Yeah the thought of feeding chicken guts to 6 week old pigs.. gross. Maybe if it's cooked? Here in Maine it is not legal to feed post consumer waste or garbage unless it's heat treated for a half hour and you have to have a license to do the heat treating. 
So depending on your local laws, that's what not to feed pigs.

My pigs won't eat raw carrots, potatoes, onions. They will eat any cooked veggies. I never feed any raw meat to them.


----------



## Karen in Alabam (Jul 21, 2010)

I would think the laws would pertain to any meat I intend to sell, and not for private consumption. 

I did save out some organs (lungs and kidneys) to give the pigs. I will probably cook them first. They don't seem to interested in their feed--later in the day they go for it.

I have 2 pallets of outdated pure Acai concentrate that I will try on them. I got it from a neighbor--his son had a truckload brought to the states and there was some problem with some of the jars, so he couldn't sell them. I don't really drink juice, and the chickens are not interested in it, so will try the pigs. (I just remembered the pallets because we were cleaning the garage where they have been sitting for a year or so.

My neighbor puts it in his compost.


----------



## enggass (Nov 23, 2011)

I thought potatoes, or potato skins, were bad for them. Poisonous. Is this not the case? I have spoken to a small, local, mostly organic restaurant that is willing to share their 'prep'(pre-consumer) scraps with me when I get my AGHs. I was going to ask them to try and separate out the Potato skins. Is this not necessary?


----------



## bruceki (Nov 16, 2009)

my pigs just won't eat potatoes in any form unless they're cooked.
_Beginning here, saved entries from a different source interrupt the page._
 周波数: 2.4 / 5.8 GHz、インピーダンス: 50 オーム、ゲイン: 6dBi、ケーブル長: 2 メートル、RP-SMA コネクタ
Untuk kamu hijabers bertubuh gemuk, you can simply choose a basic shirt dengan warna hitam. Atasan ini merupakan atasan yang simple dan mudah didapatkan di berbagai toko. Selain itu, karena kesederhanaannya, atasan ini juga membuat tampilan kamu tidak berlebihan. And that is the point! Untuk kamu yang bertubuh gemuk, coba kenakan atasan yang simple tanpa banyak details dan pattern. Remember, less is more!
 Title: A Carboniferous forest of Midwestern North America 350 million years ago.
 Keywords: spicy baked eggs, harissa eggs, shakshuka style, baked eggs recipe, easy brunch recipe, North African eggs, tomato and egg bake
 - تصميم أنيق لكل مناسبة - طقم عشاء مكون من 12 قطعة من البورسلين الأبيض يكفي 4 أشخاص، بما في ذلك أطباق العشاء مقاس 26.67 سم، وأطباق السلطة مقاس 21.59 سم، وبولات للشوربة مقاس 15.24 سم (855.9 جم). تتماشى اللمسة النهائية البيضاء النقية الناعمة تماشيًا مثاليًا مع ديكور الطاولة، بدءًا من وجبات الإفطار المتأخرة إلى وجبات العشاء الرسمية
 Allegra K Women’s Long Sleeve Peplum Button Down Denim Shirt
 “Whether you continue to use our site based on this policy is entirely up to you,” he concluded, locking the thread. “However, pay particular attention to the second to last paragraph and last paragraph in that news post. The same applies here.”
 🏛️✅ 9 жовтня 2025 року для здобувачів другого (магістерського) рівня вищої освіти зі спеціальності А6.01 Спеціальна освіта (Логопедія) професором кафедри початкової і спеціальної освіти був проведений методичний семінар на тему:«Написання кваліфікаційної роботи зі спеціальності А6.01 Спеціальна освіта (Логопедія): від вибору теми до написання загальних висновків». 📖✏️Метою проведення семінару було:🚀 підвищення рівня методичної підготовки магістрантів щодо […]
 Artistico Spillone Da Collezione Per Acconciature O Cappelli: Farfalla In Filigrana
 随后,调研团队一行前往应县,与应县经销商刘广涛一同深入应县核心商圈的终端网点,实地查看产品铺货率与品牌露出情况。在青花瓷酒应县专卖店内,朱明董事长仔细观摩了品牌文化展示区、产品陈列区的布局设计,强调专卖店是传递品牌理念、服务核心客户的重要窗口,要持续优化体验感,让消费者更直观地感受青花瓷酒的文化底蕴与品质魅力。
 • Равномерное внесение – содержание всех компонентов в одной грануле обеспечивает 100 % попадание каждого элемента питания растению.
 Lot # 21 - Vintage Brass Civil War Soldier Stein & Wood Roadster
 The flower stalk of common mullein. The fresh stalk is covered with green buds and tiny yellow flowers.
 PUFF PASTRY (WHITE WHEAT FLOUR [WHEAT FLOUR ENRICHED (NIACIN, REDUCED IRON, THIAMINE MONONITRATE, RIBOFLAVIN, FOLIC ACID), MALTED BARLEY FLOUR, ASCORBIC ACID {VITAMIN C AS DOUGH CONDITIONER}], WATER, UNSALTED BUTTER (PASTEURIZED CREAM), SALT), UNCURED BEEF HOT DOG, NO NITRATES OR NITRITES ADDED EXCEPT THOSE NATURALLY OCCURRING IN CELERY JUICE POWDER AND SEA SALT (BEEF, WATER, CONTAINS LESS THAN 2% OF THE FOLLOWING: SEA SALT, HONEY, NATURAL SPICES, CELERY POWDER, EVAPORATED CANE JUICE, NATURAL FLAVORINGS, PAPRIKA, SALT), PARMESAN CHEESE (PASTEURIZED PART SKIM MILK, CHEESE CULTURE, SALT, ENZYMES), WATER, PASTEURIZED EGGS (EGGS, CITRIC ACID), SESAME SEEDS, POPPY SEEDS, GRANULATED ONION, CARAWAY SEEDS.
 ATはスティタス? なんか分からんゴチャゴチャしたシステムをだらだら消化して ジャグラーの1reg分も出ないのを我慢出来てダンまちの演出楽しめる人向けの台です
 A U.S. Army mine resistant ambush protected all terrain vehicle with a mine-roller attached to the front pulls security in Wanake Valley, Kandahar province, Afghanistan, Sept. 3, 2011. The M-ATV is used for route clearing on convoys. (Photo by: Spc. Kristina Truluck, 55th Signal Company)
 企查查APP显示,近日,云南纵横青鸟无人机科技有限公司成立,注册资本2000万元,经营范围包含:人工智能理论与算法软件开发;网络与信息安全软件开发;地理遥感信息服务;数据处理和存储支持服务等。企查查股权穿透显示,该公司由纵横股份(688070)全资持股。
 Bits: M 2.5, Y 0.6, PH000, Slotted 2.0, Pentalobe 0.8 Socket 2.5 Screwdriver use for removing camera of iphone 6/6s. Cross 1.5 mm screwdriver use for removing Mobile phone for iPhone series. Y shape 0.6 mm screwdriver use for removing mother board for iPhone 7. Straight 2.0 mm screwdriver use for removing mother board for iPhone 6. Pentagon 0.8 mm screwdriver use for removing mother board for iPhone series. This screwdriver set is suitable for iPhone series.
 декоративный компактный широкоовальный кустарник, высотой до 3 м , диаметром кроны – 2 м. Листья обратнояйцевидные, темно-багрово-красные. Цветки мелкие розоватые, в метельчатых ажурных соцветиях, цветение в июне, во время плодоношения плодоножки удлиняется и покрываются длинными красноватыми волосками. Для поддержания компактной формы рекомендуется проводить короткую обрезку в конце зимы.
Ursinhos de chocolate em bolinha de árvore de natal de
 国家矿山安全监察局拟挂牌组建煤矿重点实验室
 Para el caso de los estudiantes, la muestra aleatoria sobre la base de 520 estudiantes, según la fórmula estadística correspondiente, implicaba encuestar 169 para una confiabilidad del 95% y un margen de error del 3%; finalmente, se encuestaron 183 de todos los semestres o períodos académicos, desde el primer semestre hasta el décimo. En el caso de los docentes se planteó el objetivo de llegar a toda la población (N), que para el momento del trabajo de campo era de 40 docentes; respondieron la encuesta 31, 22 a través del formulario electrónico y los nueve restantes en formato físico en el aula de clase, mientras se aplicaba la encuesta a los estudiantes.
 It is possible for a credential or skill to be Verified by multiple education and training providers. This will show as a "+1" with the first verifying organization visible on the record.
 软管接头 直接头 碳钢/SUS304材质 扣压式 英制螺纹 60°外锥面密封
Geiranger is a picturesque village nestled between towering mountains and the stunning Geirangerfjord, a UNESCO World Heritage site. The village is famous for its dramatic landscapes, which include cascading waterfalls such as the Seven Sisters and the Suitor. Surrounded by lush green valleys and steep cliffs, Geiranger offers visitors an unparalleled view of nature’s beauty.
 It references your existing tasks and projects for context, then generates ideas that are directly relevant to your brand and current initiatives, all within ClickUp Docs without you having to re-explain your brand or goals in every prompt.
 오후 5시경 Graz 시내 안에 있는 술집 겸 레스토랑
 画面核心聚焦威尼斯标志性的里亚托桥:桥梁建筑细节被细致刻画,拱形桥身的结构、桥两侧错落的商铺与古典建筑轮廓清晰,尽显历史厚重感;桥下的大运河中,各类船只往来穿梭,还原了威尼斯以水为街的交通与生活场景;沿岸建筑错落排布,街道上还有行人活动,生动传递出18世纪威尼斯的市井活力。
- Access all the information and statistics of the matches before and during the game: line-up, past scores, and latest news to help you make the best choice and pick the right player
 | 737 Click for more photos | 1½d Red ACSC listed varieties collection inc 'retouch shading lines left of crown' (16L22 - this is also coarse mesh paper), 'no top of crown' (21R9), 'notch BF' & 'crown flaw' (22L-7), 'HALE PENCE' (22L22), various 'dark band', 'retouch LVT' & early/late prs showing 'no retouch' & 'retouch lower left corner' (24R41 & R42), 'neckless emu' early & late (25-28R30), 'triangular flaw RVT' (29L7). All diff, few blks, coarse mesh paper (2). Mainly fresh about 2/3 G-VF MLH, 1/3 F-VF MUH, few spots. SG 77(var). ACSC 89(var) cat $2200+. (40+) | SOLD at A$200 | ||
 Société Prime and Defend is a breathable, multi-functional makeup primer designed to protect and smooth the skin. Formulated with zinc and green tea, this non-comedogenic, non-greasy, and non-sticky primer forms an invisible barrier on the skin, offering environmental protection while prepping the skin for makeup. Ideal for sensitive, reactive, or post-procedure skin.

The loads of produce we get regularly include potatoes and onions and citrus, but the pigs just ignore it. 

Bruce / ebeyfarm.blogspot.com


----------



## enggass (Nov 23, 2011)

If potato peels were to be mixed in and they were to eat some, is it bad for them?


----------



## gerold (Jul 18, 2011)

enggass said:


> If potato peels were to be mixed in and they were to eat some, is it bad for them?


Some potato peels that have been exposed to the sun turn green.
Chlorophyll, an alkaloid. The green sprouts and skin are poison for 
hogs. Also not to good for humans. Potatoes are a part of the 
nightshade family. 
My hogs never eat raw potatoes. they cross the potato patch all the time and never root in it. I did worry about that when i first got the hogs but watched them and they just walk across the potato field and never touch the potatoes.


----------



## wwubben (Oct 13, 2004)

Many farms around here had fifty gallon or larger cast iron pots that potatoes were boiled in to feed the pigs.These pots are hanging in yards as a decoration now days.Milk products work well for pigs.My friend used to get all of the outdated milk products from the local stores and fed to his pigs.Feeding raw meat to pigs can be risky.


----------



## haypoint (Oct 4, 2006)

Karen in Alabam said:


> I would think the laws would pertain to any meat I intend to sell, and not for private consumption.
> 
> I did save out some organs (lungs and kidneys) to give the pigs. I will probably cook them first. They don't seem to interested in their feed--later in the day they go for it.
> 
> ...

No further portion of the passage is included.